The fugacity of gases can be calculated by the definition of fugacity coefficient that is fugacity coefficient is the ratio of fugacity and pressure.

  $\begin{array}{l}\widehat{{\varphi }_i}=\frac{\widehat{f_i}}{y_i\times P_i}\\ \widehat{f_i}=\widehat{{\varphi }_i}\times y_i\times P_i\end{array}$

Answer to Problem 10.27P

Fugacity and fugacity coefficient of methane are 7.4896 bar and 1.019, respectively.
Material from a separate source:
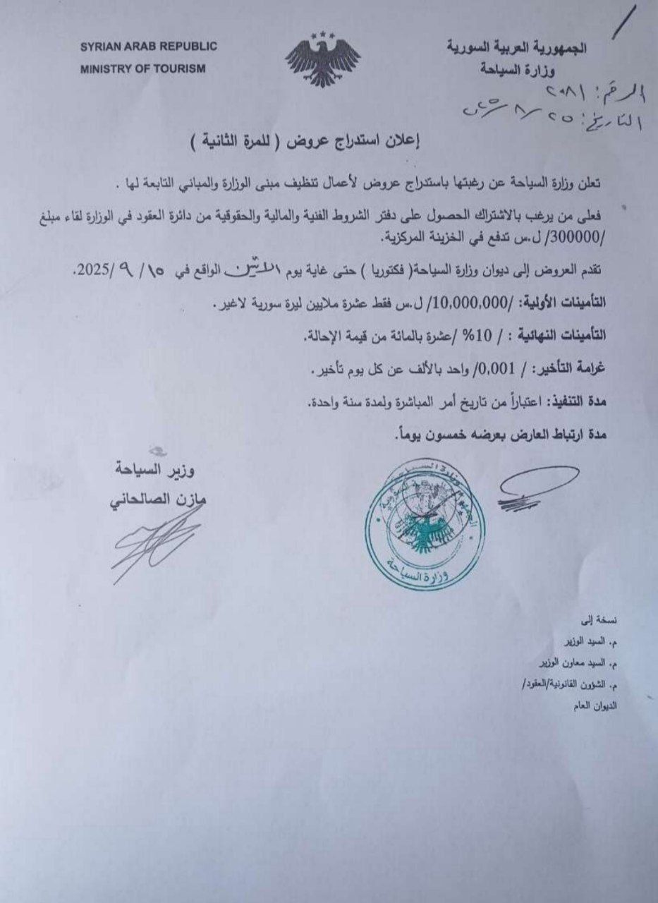 وزارة السياحة: الإعلان عن استدراج عروض لأعمال تنظيف مبنى الوزارة والمباني التابعة لها، للراغبين بالاشتراك الحصول على دفتر الشروط من دائرة العقود في الوزارة.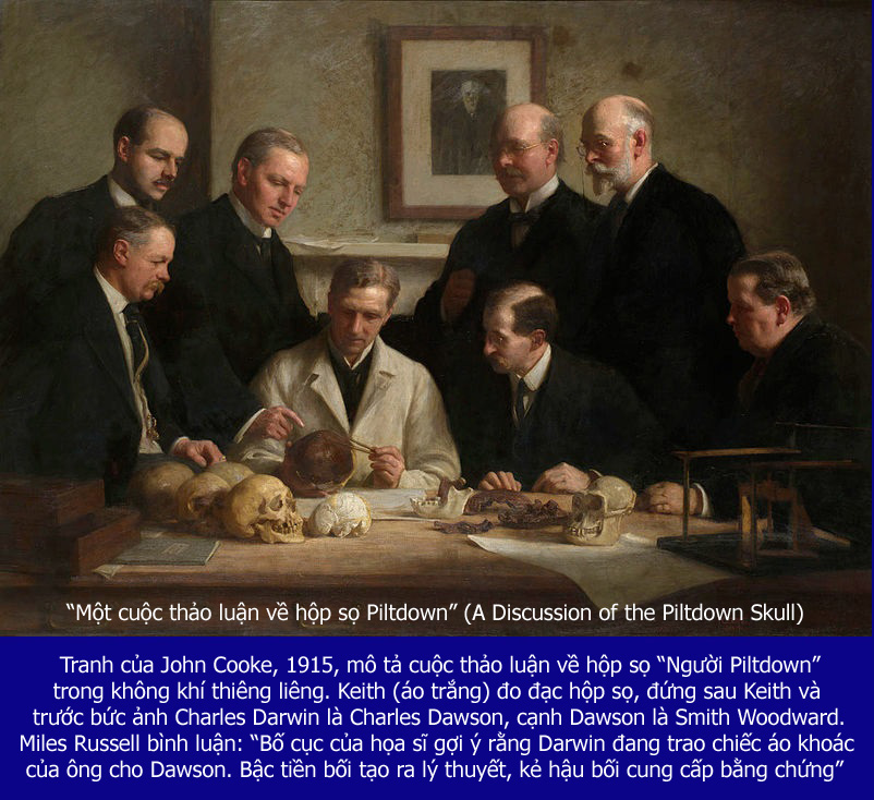 Chao ôi, chuyện lớn rồi. Hóa ra một số nhà khoa học nghiêm túc và rất đáng kính đã bị đánh lừa! Thanh danh của họ mãi mãi bị nhơ nhuốc. Những năm tháng nghiên cứu và suy nghĩ cực nhọc đã bị phí phạm vào việc cố gắng phân tích và lắp ghép một hóa thạch giả sao cho ăn khớp với hồ sơ tiến hóa của loài người. Niềm tin sắt đá vào một học thuyết “thần thánh” đã bị TRẢ GIÁ ĐẮT! Những nhà khoa học ấy là ai? Chúng ta có thể biết rõ, đó là những người có mặt trong bức tranh sau đây:

Fugacity and fugacity coefficient of ethane are 13.259 bar and 0.881, respectively.

Fugacity and fugacity coefficient of propane are 9.765 bar and 0.775, respectively.

Explanation of Solution

Refer APPENDIX-B and Table-B.1 to determine critical properties and acentric factor of ethylene(1)/Propylene (2) as:

Component	Pc (bar)	Tc (K)	Vc (cm3/mol)	$\omega$	Zc
Methane (1)	45.99	190.6	98.6	0.012	0.286
Ethane (2)	48.72	305.3	145.5	0.100	0.279
Propane (3)	42.48	369.8	200	0.152	0.276

Where,

P_c = critical pressure

T_c = critical temperature

V_c = critical volume

Z_c = critical compressibility factor

  $\omega$ = eccentric factor

From the properties derived above, we can calculate the reduced pressure and temperature as follows:

Pressure P = 35 bar (given in question) and Temperature (T) = 100⁰C or 373.15K (given)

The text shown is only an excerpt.